A police report noted that Solo was arrested in the parking lot of a shopping centre in Winston-Salem after a person passing her vehicle saw her passed out behind the wheel for over an hour with the engine running and the children in the backseat.
An officer responding to the scene smelled alcohol and the warrant said that Solo refused to take part in a field sobriety test. After being taken to the magistrate’s office, she still rejected a breath test leading to a police search warrant for a blood sample being issued.
The test found that she had a blood alcohol content three times the legal limit – 0.24 per cent – and had THC in her system.
The DUI arrest was hardly Solo’s first brush with controversy. In 2016, she had been dismissed from the national team following the Rio de Janeiro Olympics for making disparaging remarks about the Swedish team. Prior to that, she was suspended in 2015 for 30 days after she and her husband Jerramy Stevens were pulled over in a US Soccer-owned van. Stevens was charged with DUI.
In 2014, Solo was arrested after an altercation with her family, but those charges were later dropped.
“About four-and-a-half months ago I made the biggest mistake of my life,” Solo said at the start of the podcast episode. “I let alcohol get the better of me in a decision that I will never live down, a decision that has come at a great cost to me and my family.”
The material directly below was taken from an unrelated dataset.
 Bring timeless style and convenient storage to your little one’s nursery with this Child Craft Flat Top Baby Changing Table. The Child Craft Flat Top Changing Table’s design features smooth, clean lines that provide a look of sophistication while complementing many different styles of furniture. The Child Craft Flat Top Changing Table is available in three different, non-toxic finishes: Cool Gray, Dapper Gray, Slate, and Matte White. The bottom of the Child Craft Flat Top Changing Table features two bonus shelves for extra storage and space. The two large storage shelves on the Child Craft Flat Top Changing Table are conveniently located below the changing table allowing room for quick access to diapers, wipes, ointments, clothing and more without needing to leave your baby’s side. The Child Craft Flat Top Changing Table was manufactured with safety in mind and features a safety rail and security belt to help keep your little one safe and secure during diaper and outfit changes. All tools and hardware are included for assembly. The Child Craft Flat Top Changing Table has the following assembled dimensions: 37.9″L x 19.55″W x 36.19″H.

“I recently pled guilty to DUI charges and unfortunately my children were involved,” Solo said. “The reality of what this meant was horrific. The embarrassment, the shame, the financial loss, the thought of explaining this to my children when they are old enough to search the internet.”
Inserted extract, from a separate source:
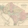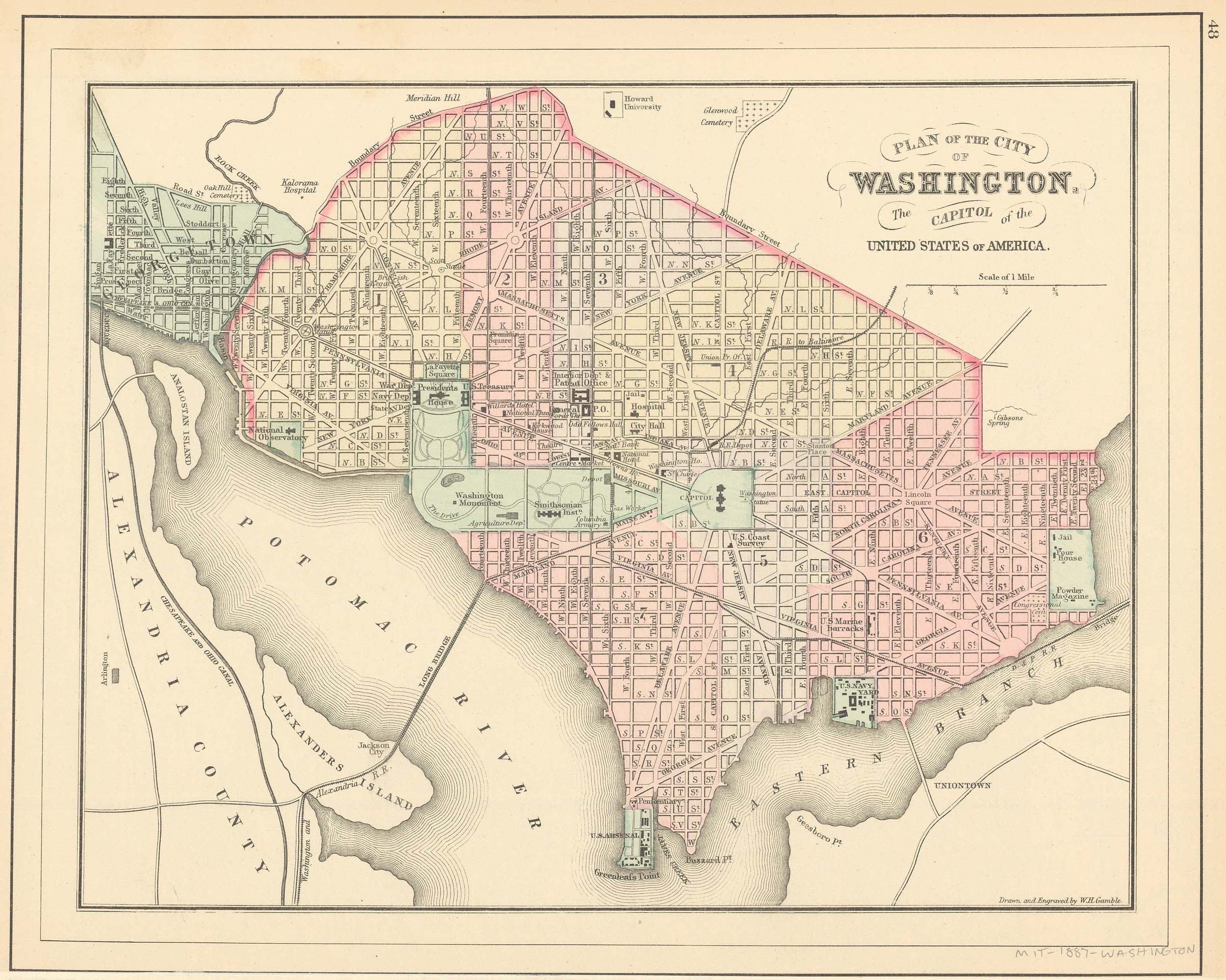 This map was made by S. Augustus Mitchell for “Mitchell’s New General Atlas” published in 1887. The well maintained maps in this atlas feature Mitchell’s characteristic pastel coloring and abundant details of geographical features. The plan of Washington D. C. is illustrated on this map. Details include the names of streets, important buildings, rivers, lakes, and railroads. Sections of the city are distinguished by color. These 1887 maps offer a fascinating perspective of areas that have since undergone significant growth and change, in addition to their value as great examples of Mitchell’s work. This map has water stains in the margin that do not affect the map.

Solo spoke about the hardships she and Stevens, a former NFL player, experienced with the birth of their children, which took place on 4 March 2020, as the Covid-19 pandemic was shutting down the country. The twins spent almost three weeks in the NICU.
Solo noted that she didn’t leave her home for around a year and a half during quarantine while taking care of her children.
She said they moved across the country, from Seattle, Washington, where her soccer career ended, to rural Wilkes County, North Carolina to raise their children.
“We had children and nobody to share them with,” she said. “Our family and friends do not live in North Carolina and most of them live on the other side of the country. Suddenly because of the pandemic, we had no support system and now had two tiny babies.”
“Winding down with a drink was nice and it’s what we looked forward to doing,” she added. “And the drinking slowly increased, we found that eased the stresses of our everyday lives and we felt that we had the right to do so. We never drank and drove, we never went in public and we woke up every morning to handle our business.”
“My ability to compartmentalise and push forward through emotional pain in unchartered territory led me down a dangerous path,” she said.
“I was a very dedicated, committed and self-disciplined athlete, I would not drink or smoke marijuana for years in preparations for events,” Solo said on the podcast. “Then when the event would be over and whether in celebration mode or in coping mode I would party.”
“My manager, my agent, my husband and friends all knew to bring wine or champagne to help me loosen up on stage,” she added concerning her appearance on Dancing With the Stars in 2011 or “huge speaking engagements”.
Solo said that she and Stevens “found that our only time together was having a drink once the babies went to bed and that’s when we started to go down a dangerous road both for our marriage and me personally”.
“Today, I am grateful for my 30 days away, to read, think, pray, meditate and learn, reading and meditation feeds my soul, so does seeing family and friends,” she said towards the end of the podcast. “I realize now my soul was slowly starved and it was all my fault for trying to be strong for my family and being prideful. In my strength I was weak, there is no shame if we struggle with alcohol and addiction.”